• [YOUR INSTRUCTIONS]: An unchanged copy of all the lines below is expected, and it should contain no pictures.

Content starts

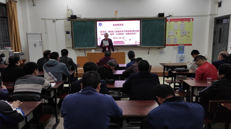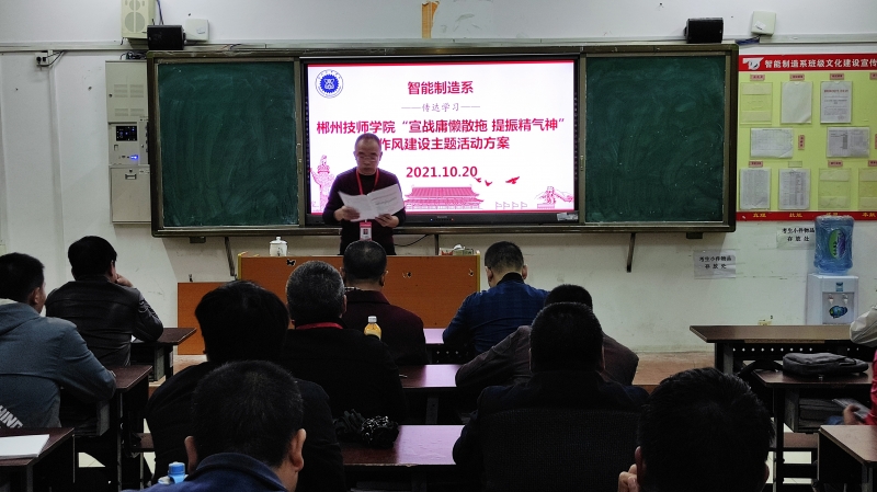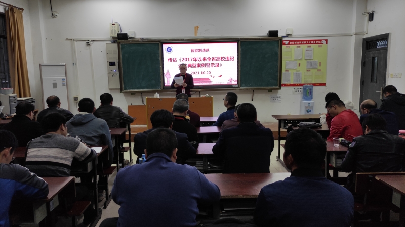(通讯员 张俊召)10月20日下午,智能制造系召开全体教职工大会,根据我系工作实际,结合学院作风建设主题活动和对我系校内巡察情况的意见反馈,开展专题学习教育。会议由系主任段盛琦主持并领学,全体教职工参加会议。
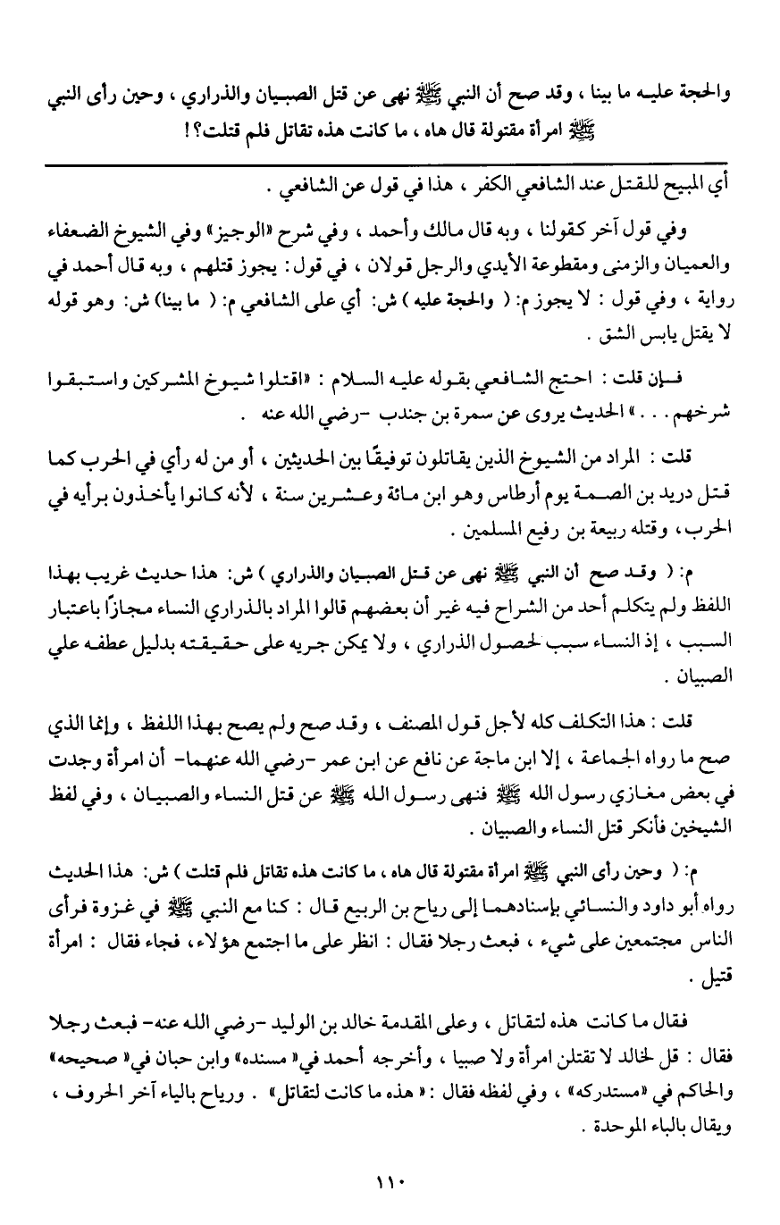 والحجة عليه ما بينا، وقد صح «أن النبي - صَلَّى اللَّهُ عَلَيْهِ وَسَلَّمَ - نهى عن قتل الصبيان والذراري، وحين رأى النبي - صَلَّى اللَّهُ عَلَيْهِ وَسَلَّمَ - امرأة مقتولة قال هاه، ما كانت هذه تقاتل فلم قتلت؟!»
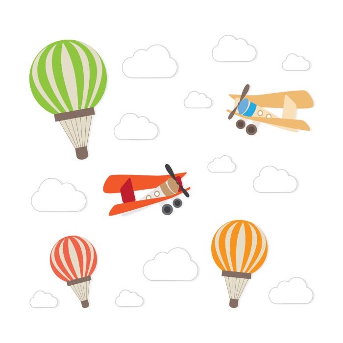 Adesivo de Parede Balões e Aviões para Quarto de Bebê Cobre 2m² Colorido
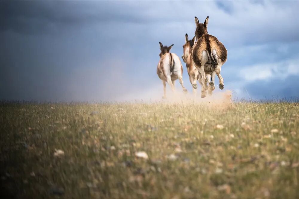 在羌塘无人区里,时不时看见前边有一小群藏野驴,一直在与汽车平行的间隔上相向飞驰。其实,藏野驴就是有股子犟劲,它们看到汽车就想与你赛跑,一比高低,不跳过汽车不罢手。好像在说,在羌塘没有什么动物能跑过我们的。
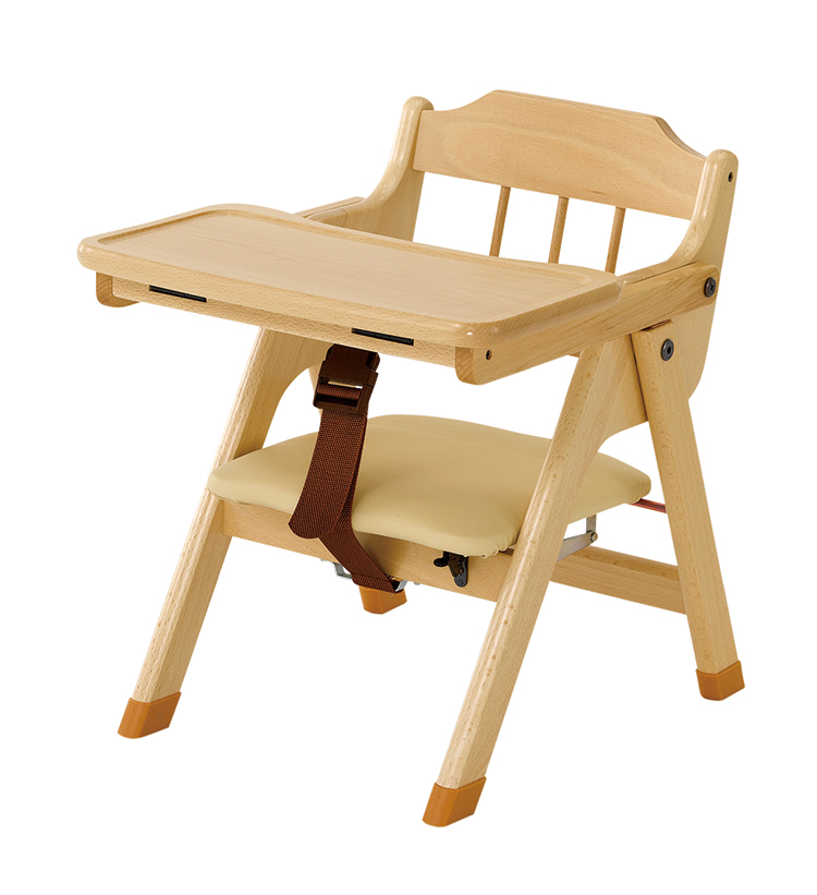 前方へテーブルを起こし、子どもの出入りを容易にした乳児用椅子です。テーブルはバックル式股ベルトで固定でき、テーブルのみ、背へ回すこともできます。
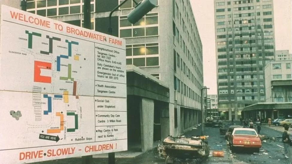 Though Broadwater wasn’t the catalyst, by the end of 1985 there had been similar eruptions across London and the UK. Brixton, Peckham, Liverpool, Birmingham. Yes, these rebellions were primarily a response to racist police violence and intimidation. Yes, police and state violence is often the most unmistakable and pointed manifestation of racism. A government inquiry explicitly insisted that policing, not housing, was at the root of the uprising. But we would be careless to dismiss the role that the more quotidian instances play in compounding the experiences of racialization and oppression. The contours of daily life, lived in constant reminder that this country will always view you as “less than.” These unavoidably tie in with heavy-handed policing, always the sharpest edge of contemporary racism.
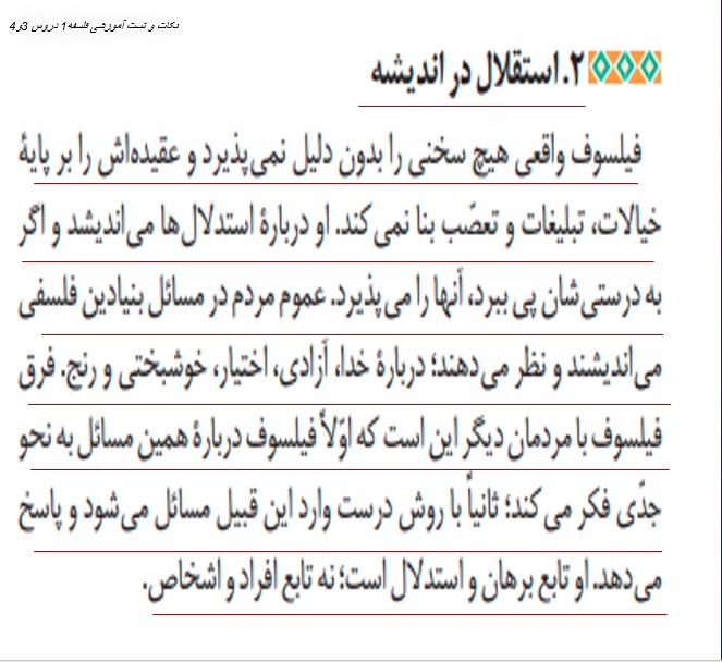 نکات مهم:ویژگی های فیلسوف واقعی1-هیچ سخنی را بدون دلیل نمی پذیرد2-عقیده اش را بر پایه تبلیغات و تعصبات بنا نمی کند3-او درباره استدلال ها می اندیشد و اگر به درستی انها پی ببرد آنها را می پذیرد.
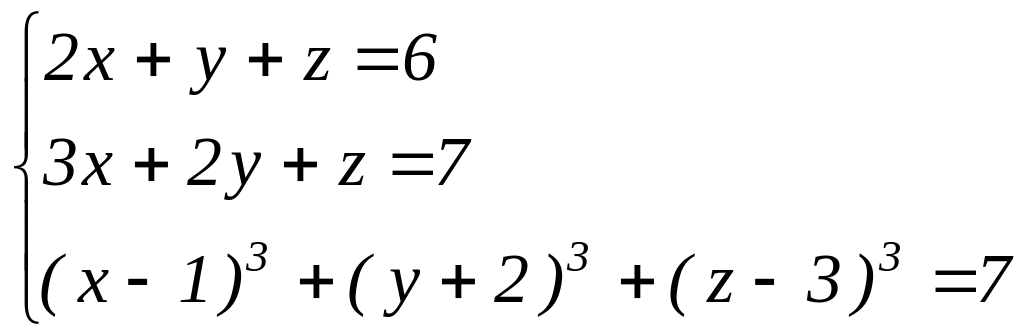 Решить систему нелинейных уравнений блочным методом. Начальные значения корней принять равными 1.
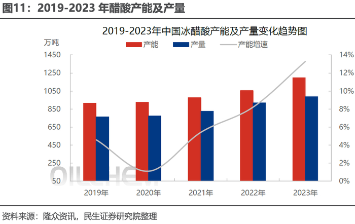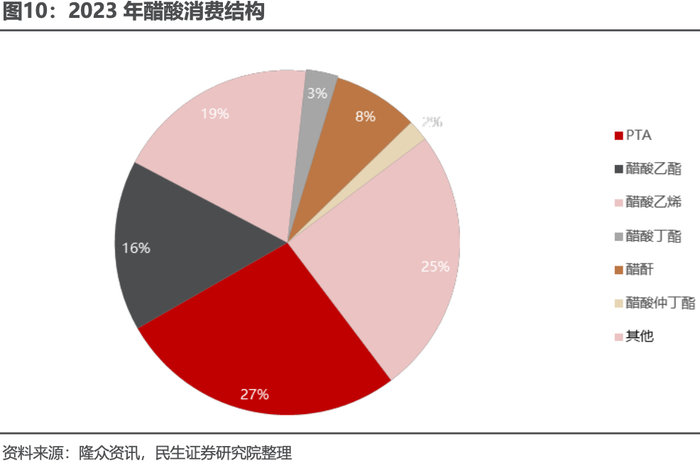 冰醋酸主要用于化工生产中各类溶剂。冰醋酸,也叫醋酸,是一种有机一元酸。冰醋酸是以甲醇和一氧化碳为主要原料,通过一系列工艺产出,纯的无水冰醋酸是无色的吸湿性液体,凝固点为 16.6°C,凝固后为无色晶体,其水溶液中呈弱酸性且蚀性强,蒸汽对眼和鼻有刺激性作用。2023 年国内冰醋酸产能达 1195 万吨,产量 989 万吨,产能利用率约 83%。冰醋酸下游行业较多,从行业下游消费结构来看,对冰醋酸消费量较大的产品有 PTA、醋酸乙烯、醋酸酯等行业,2023 年 PTA依旧是需求最大的产品,占比达到 27%。其次是醋酸乙酯、醋酸乙烯,分别占比19%、16%。冰醋酸是 PTA 生产过程中作为溶剂使用,在其成本中占比较低。由于近几年随着 PTA 行业的快速扩张且新投产能较大,对冰醋酸的使用量大幅提升。 供应逐渐宽松,公司贡献了 2023 年的主要增量产能。2019-2023 年,中国冰醋酸行业处于从供需紧平衡向供应偏宽松的方向演进,产能规模继续扩张中。得益于下游行业的快速发展,带动冰醋酸近年来产量和需求量逐年递增,后续或保持稳步提升。中小型或未配备上下游装置企业后续生产压力增大。2023 年醋酸行业新增产能 140 万吨,公司贡献了其中增量的 100 万吨。

Content ends

• [SOLUTION TO THIS TASK]:
(通讯员 张俊召)10月20日下午,智能制造系召开全体教职工大会,根据我系工作实际,结合学院作风建设主题活动和对我系校内巡察情况的意见反馈,开展专题学习教育。会议由系主任段盛琦主持并领学,全体教职工参加会议。
 والحجة عليه ما بينا، وقد صح «أن النبي - صَلَّى اللَّهُ عَلَيْهِ وَسَلَّمَ - نهى عن قتل الصبيان والذراري، وحين رأى النبي - صَلَّى اللَّهُ عَلَيْهِ وَسَلَّمَ - امرأة مقتولة قال هاه، ما كانت هذه تقاتل فلم قتلت؟!»
 Adesivo de Parede Balões e Aviões para Quarto de Bebê Cobre 2m² Colorido
 在羌塘无人区里,时不时看见前边有一小群藏野驴,一直在与汽车平行的间隔上相向飞驰。其实,藏野驴就是有股子犟劲,它们看到汽车就想与你赛跑,一比高低,不跳过汽车不罢手。好像在说,在羌塘没有什么动物能跑过我们的。
 前方へテーブルを起こし、子どもの出入りを容易にした乳児用椅子です。テーブルはバックル式股ベルトで固定でき、テーブルのみ、背へ回すこともできます。
 Though Broadwater wasn’t the catalyst, by the end of 1985 there had been similar eruptions across London and the UK. Brixton, Peckham, Liverpool, Birmingham. Yes, these rebellions were primarily a response to racist police violence and intimidation. Yes, police and state violence is often the most unmistakable and pointed manifestation of racism. A government inquiry explicitly insisted that policing, not housing, was at the root of the uprising. But we would be careless to dismiss the role that the more quotidian instances play in compounding the experiences of racialization and oppression. The contours of daily life, lived in constant reminder that this country will always view you as “less than.” These unavoidably tie in with heavy-handed policing, always the sharpest edge of contemporary racism.
 نکات مهم:ویژگی های فیلسوف واقعی1-هیچ سخنی را بدون دلیل نمی پذیرد2-عقیده اش را بر پایه تبلیغات و تعصبات بنا نمی کند3-او درباره استدلال ها می اندیشد و اگر به درستی انها پی ببرد آنها را می پذیرد.
 Решить систему нелинейных уравнений блочным методом. Начальные значения корней принять равными 1.
 冰醋酸主要用于化工生产中各类溶剂。冰醋酸,也叫醋酸,是一种有机一元酸。冰醋酸是以甲醇和一氧化碳为主要原料,通过一系列工艺产出,纯的无水冰醋酸是无色的吸湿性液体,凝固点为 16.6°C,凝固后为无色晶体,其水溶液中呈弱酸性且蚀性强,蒸汽对眼和鼻有刺激性作用。2023 年国内冰醋酸产能达 1195 万吨,产量 989 万吨,产能利用率约 83%。冰醋酸下游行业较多,从行业下游消费结构来看,对冰醋酸消费量较大的产品有 PTA、醋酸乙烯、醋酸酯等行业,2023 年 PTA依旧是需求最大的产品,占比达到 27%。其次是醋酸乙酯、醋酸乙烯,分别占比19%、16%。冰醋酸是 PTA 生产过程中作为溶剂使用,在其成本中占比较低。由于近几年随着 PTA 行业的快速扩张且新投产能较大,对冰醋酸的使用量大幅提升。 供应逐渐宽松,公司贡献了 2023 年的主要增量产能。2019-2023 年,中国冰醋酸行业处于从供需紧平衡向供应偏宽松的方向演进,产能规模继续扩张中。得益于下游行业的快速发展,带动冰醋酸近年来产量和需求量逐年递增,后续或保持稳步提升。中小型或未配备上下游装置企业后续生产压力增大。2023 年醋酸行业新增产能 140 万吨,公司贡献了其中增量的 100 万吨。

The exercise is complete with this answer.